:: RECORDED INFORMATION ::
■ ■ ■ ■

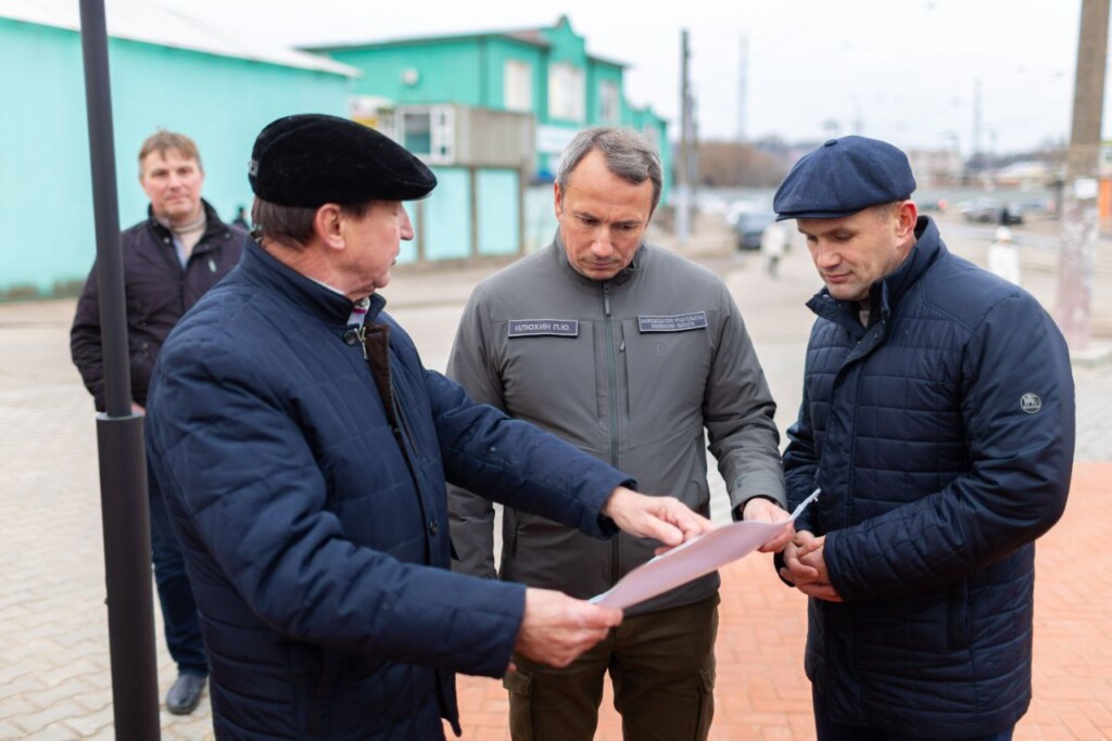Первой точкой визита Петра Илюхина и Юрия Зырянова стал Заднепровский рынок в Смоленске. Здесь специалисты планомерно приводят в порядок не только торговые ряды, но и прилегающую Колхозную площадь, в частности демонтируя устаревшие павильоны. В планах — строительство торговой галереи и формирование единого архитектурного стиля.
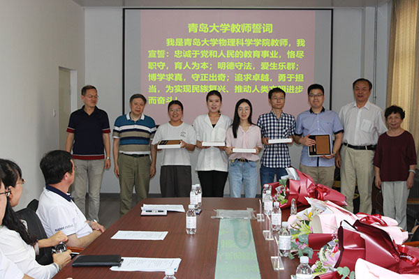 做好传帮带工作。滕冰对入职的五位新教师表示热烈欢迎,希望在未来的教育教学中,新教师以前辈为榜样,做好优良师德师风传承,并将宣誓转化为实际行动,为学校和色碟
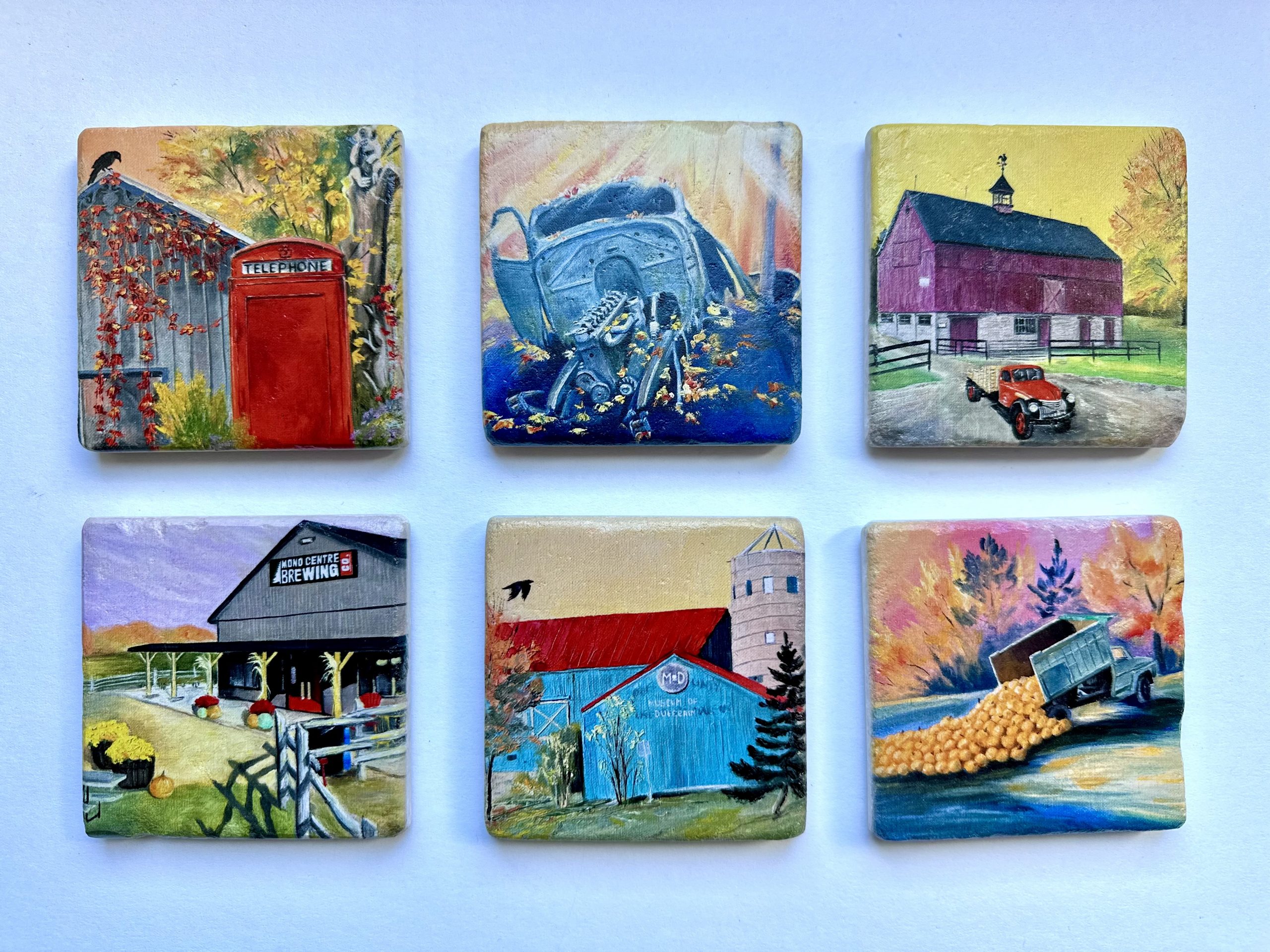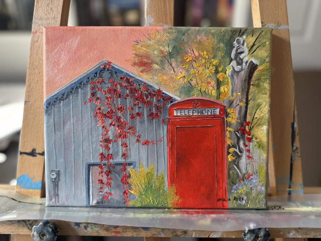 My new gig is a newly started series of local landmarks and focal points painted in oils, and my first freshly completed work depicts a historic telephone booth in the Mono Center near the Mono Cliffs Park. It’s so picturesque in the fall when the vines of virginia creeper turn red, creating a bright garland that, together with the red telephone booth, create a beautifully balanced sight.

■ ■ ■ ■

:: EXERCISE DETAILS ::
With the pictures removed, return the full listing exactly as given.

:: TASK RESPONSE ::
Первой точкой визита Петра Илюхина и Юрия Зырянова стал Заднепровский рынок в Смоленске. Здесь специалисты планомерно приводят в порядок не только торговые ряды, но и прилегающую Колхозную площадь, в частности демонтируя устаревшие павильоны. В планах — строительство торговой галереи и формирование единого архитектурного стиля.
 做好传帮带工作。滕冰对入职的五位新教师表示热烈欢迎,希望在未来的教育教学中,新教师以前辈为榜样,做好优良师德师风传承,并将宣誓转化为实际行动,为学校和色碟
 My new gig is a newly started series of local landmarks and focal points painted in oils, and my first freshly completed work depicts a historic telephone booth in the Mono Center near the Mono Cliffs Park. It’s so picturesque in the fall when the vines of virginia creeper turn red, creating a bright garland that, together with the red telephone booth, create a beautifully balanced sight.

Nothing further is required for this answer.